Imaging Agent Hits A Nerve

Bioimaging: A less toxic formulation for nerve-targeting fluorescent imaging agents could help prevent nerve damage in the operating room

by Katherine Bourzac
November 11, 2015

Credit: ACS Mol. Pharmaceutics
Fluorescence images show the trigeminal ganglia and optic nerve in a mouse. A fluorescence agent packaged in water-soluble polymer micelles (right) lights up the nerves more brightly than when the agent is suspended in an organic solvent (left).

Nerves are small, transparent, and often buried deep in tissue—all of which make them difficult for surgeons to see and avoid nicking with their scalpels. Now researchers have made a nontoxic formulation of a fluorescent agent that specifically targets nerves (ACS Mol. Pharmaceutics 2015, DOI: 10.1021/acs.molpharmaceut.5b00582). With further development, this kind of agent could be used to help surgeons see nerve tissue during operations.

In the U.S., more than 600,000 patients per year suffer nerve damage following surgery. Summer L. Gibbs, a biochemist at Oregon Health Science University, says this is a particular problem in prostate-cancer surgery, where nicking nerves can lead to incontinence and impotence. “A fluorescent contrast agent that targets nerves would improve visibility for surgeons,” she says. Targeting nerves is challenging because the circulatory system’s protective blood-nerve barrier won’t allow most fluorescent molecules to pass into nerve tissue, because they are too large.

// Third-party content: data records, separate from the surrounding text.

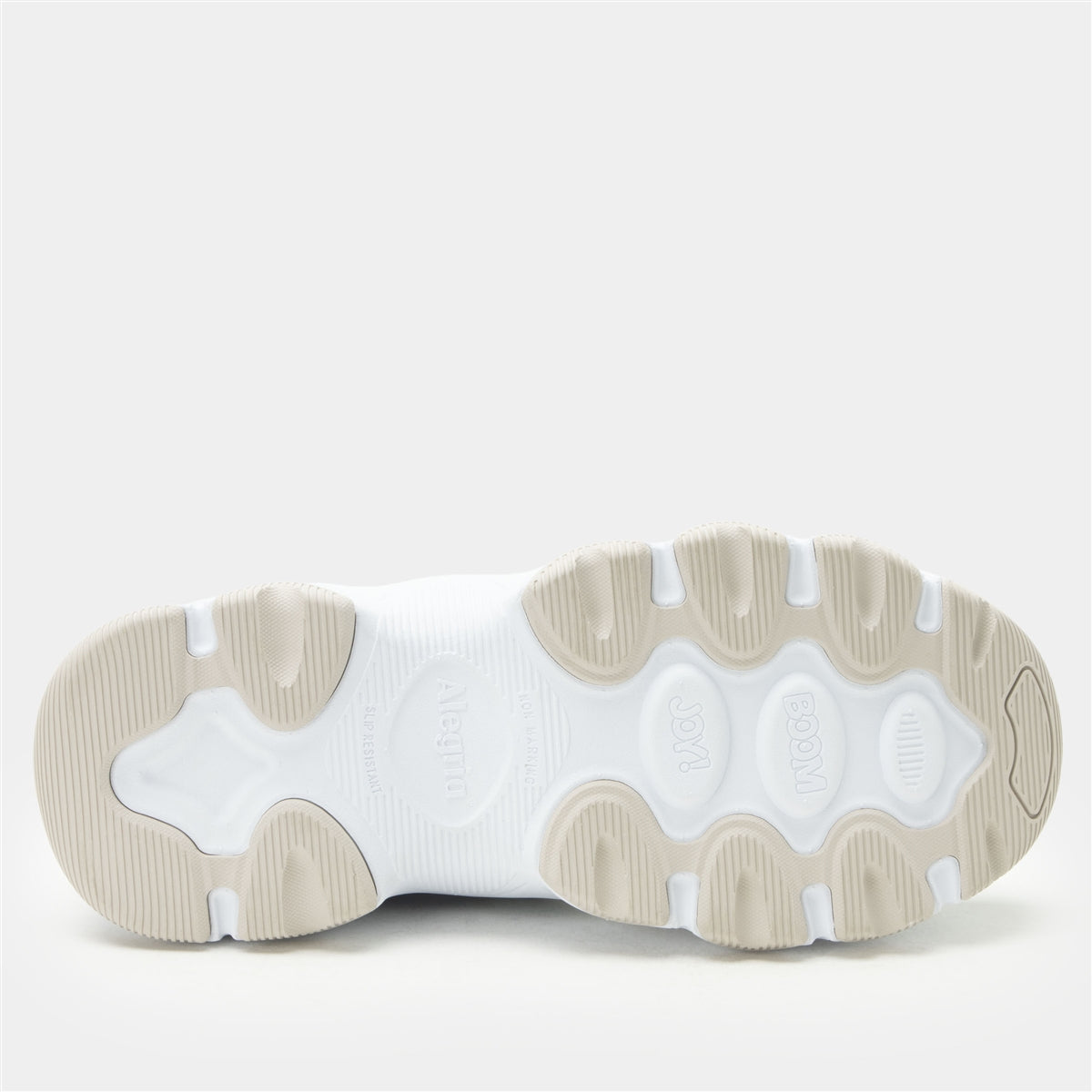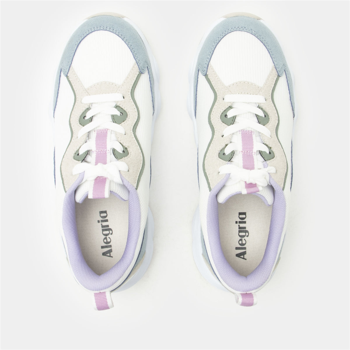 Step into effortless style with the Alegria Boom Joy sneaker in Desert Garden, featuring a sleek combination of white, soft blue, and beige tones. This Alegria sneaker includes a chunky slip-resistant sole and a lace-up design for modern comfort and versatility. Designed for year-round wear, it offers exceptional support and all-day comfort for any activity.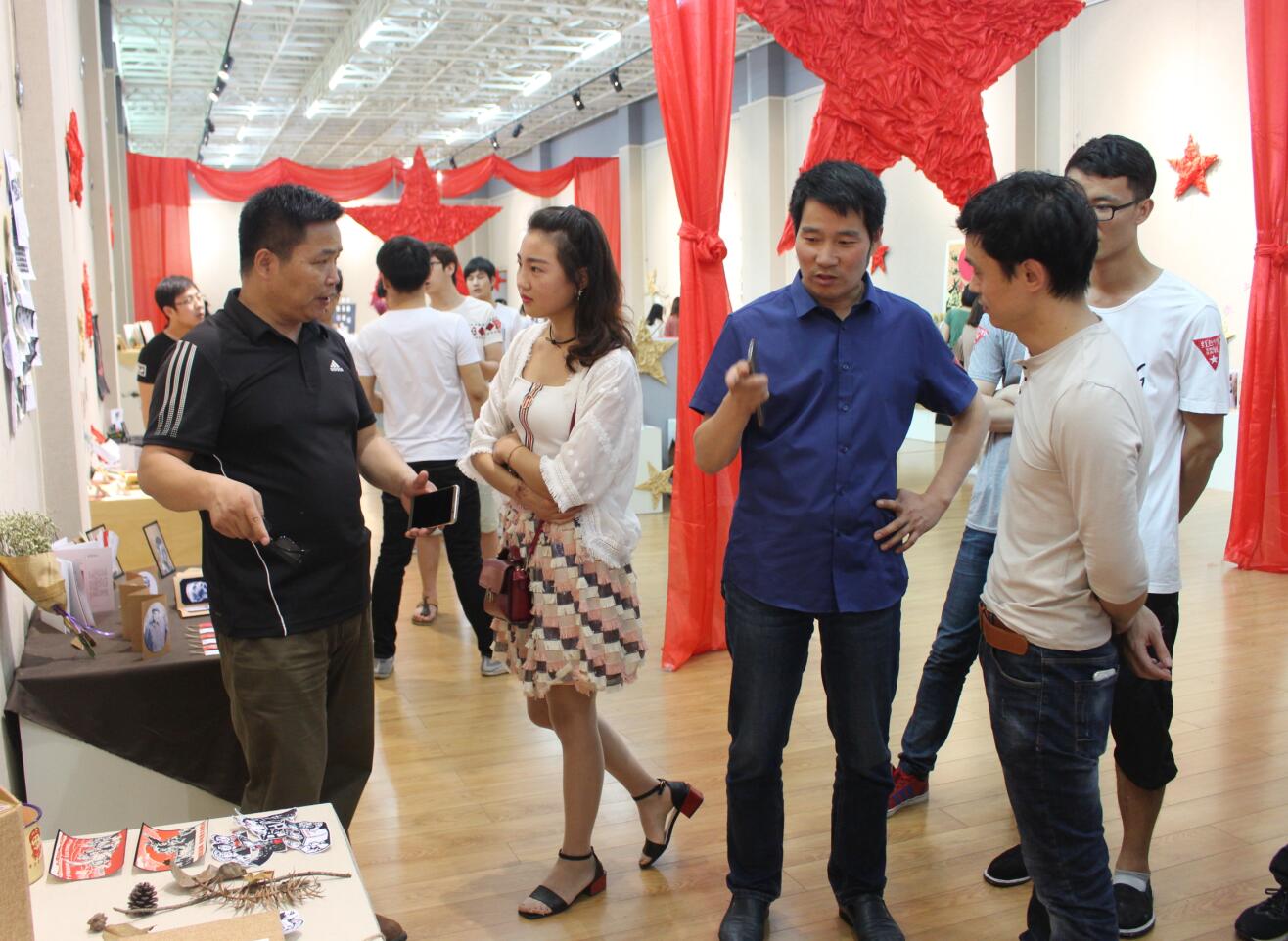 开幕式伊始,邹东升对此次展览的举办给予了高度肯定,对提高公司学子实践创新能力具有重要意义。刘根货讲到红色文化是信阳这片土地挥之不去的印记,是这一方水土给予的馈赠,是永远无法忘却的主题。在进行艺术创作时,既要走出去又要回归到传统文化、红色文化、乡土文化,从中汲取灵感,寻找创作途径。随后,指导教师刘焱发言,她表示本次展品的创作过程,是一次主题式、综合型的专项教学手段的尝试,同学们在以创意实践作为工具手段的基础上进行研究性学习,实现知识的拓展性掌握的同时,再次对创意实践进行反哺,实现理论、实践交替互补的良性增值。开幕式结束后,领导及全体师生观展。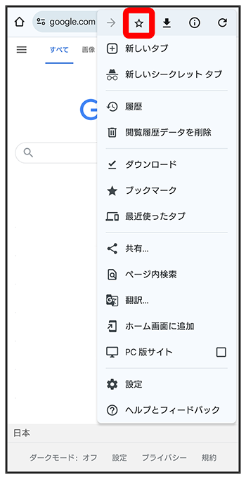 表示中のウェブサイトがブックマークに登録されます。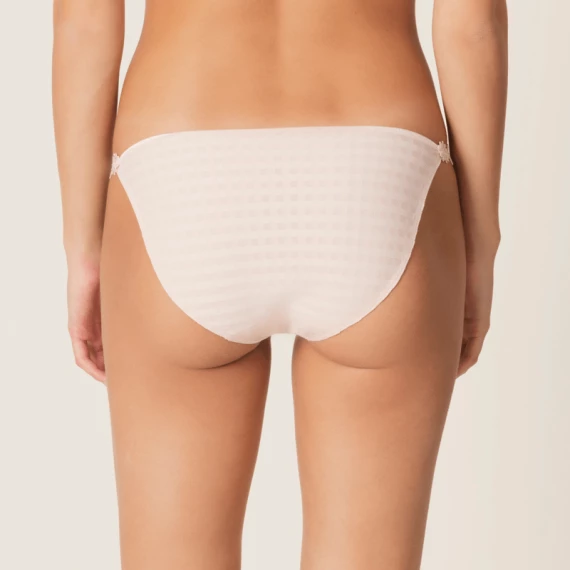Der Avero Hüftslip von Marie Jo in der Farbe Pearly Pink. Dieser hellrosa Slip ist an den Seiten recht hoch geschnitten, so dass Ihre Beine optisch länger wirken. Der Slip ist mit Blumen an den Seiten versehen.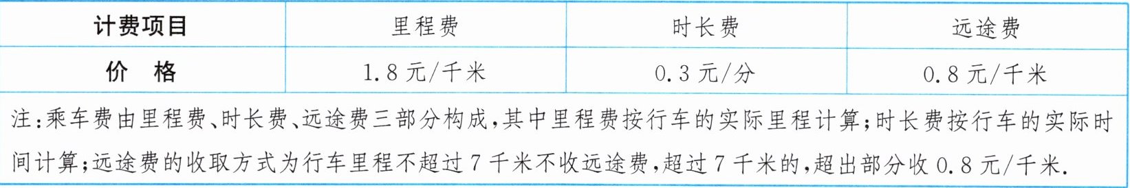 3. 快车是一种便捷的出行工具,计价规则如下表:

One agent called BMB, small and red, can cross the barrier. But it is hydrophobic so must be formulated in a mixture of toxic solvents, including dimethyl sulfoxide. Gibbs worked with OHSU pharmaceutical chemist Adam W. G. Alani to come up with a safer version. Alani packaged the imaging agent in an off-the-shelf block copolymer based on polyethylene glycol and polylactic acid, which forms micelles around the compound in water and is nontoxic.

Gibbs didn’t know whether the newly packaged BMB would still be able to target nerves as well as the old, toxic formulation. So she and her colleagues did imaging experiments in living mice and in mouse tissue, comparing the two formulations. “We found something unexpected—the new formulation was much brighter,” says Gibbs. She doesn’t know why it appears to target nerves better, but says the polymer packaging may help the agent circulate longer.

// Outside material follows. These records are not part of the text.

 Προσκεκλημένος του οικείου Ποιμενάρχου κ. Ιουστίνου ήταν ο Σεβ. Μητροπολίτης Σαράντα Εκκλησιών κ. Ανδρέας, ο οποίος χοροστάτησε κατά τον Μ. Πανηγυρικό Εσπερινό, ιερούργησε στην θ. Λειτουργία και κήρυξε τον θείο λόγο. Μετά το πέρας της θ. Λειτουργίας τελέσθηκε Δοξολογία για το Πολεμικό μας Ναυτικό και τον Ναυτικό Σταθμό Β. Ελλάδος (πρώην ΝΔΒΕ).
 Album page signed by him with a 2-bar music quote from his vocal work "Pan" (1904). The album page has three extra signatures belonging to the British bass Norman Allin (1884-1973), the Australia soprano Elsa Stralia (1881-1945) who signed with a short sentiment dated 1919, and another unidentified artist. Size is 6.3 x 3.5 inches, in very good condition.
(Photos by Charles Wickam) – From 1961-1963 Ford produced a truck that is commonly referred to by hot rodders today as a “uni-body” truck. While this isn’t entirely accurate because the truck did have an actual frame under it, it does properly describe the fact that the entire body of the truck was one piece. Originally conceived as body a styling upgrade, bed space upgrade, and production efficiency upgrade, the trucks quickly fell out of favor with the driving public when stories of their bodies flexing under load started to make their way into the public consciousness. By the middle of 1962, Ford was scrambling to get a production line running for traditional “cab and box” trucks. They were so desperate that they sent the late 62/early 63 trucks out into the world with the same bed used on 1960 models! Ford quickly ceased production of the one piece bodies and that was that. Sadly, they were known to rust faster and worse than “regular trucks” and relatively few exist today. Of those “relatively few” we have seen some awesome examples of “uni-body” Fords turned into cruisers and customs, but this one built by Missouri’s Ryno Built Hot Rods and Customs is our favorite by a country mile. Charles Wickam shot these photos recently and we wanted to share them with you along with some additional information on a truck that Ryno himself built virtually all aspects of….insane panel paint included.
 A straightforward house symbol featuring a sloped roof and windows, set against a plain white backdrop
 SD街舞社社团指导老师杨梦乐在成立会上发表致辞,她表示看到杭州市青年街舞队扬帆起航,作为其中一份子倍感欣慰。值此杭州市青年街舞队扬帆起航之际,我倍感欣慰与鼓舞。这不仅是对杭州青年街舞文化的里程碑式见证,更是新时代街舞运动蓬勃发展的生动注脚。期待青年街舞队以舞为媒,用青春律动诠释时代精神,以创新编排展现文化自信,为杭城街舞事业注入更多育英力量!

This less toxic formulation is an improvement, but these agents still need development. John V. Frangioni, a professor of radiology at Harvard Medical School and a physician at the Beth Israel Deaconess Medical Center who has started companies to commercialize image-guided surgery systems and agents, says the packaging is good, but the nerve imaging agent inside needs to be a deeper red, in the range of colors that travels farther through tissue before scattering.

Gibbs is working on making a nerve-targeting imaging agent that emits light at a longer wavelength, in the near-infrared part of the spectrum, to minimize scattering. When she’s made that, she’ll combine it with the nontoxic polymer to make the system even better.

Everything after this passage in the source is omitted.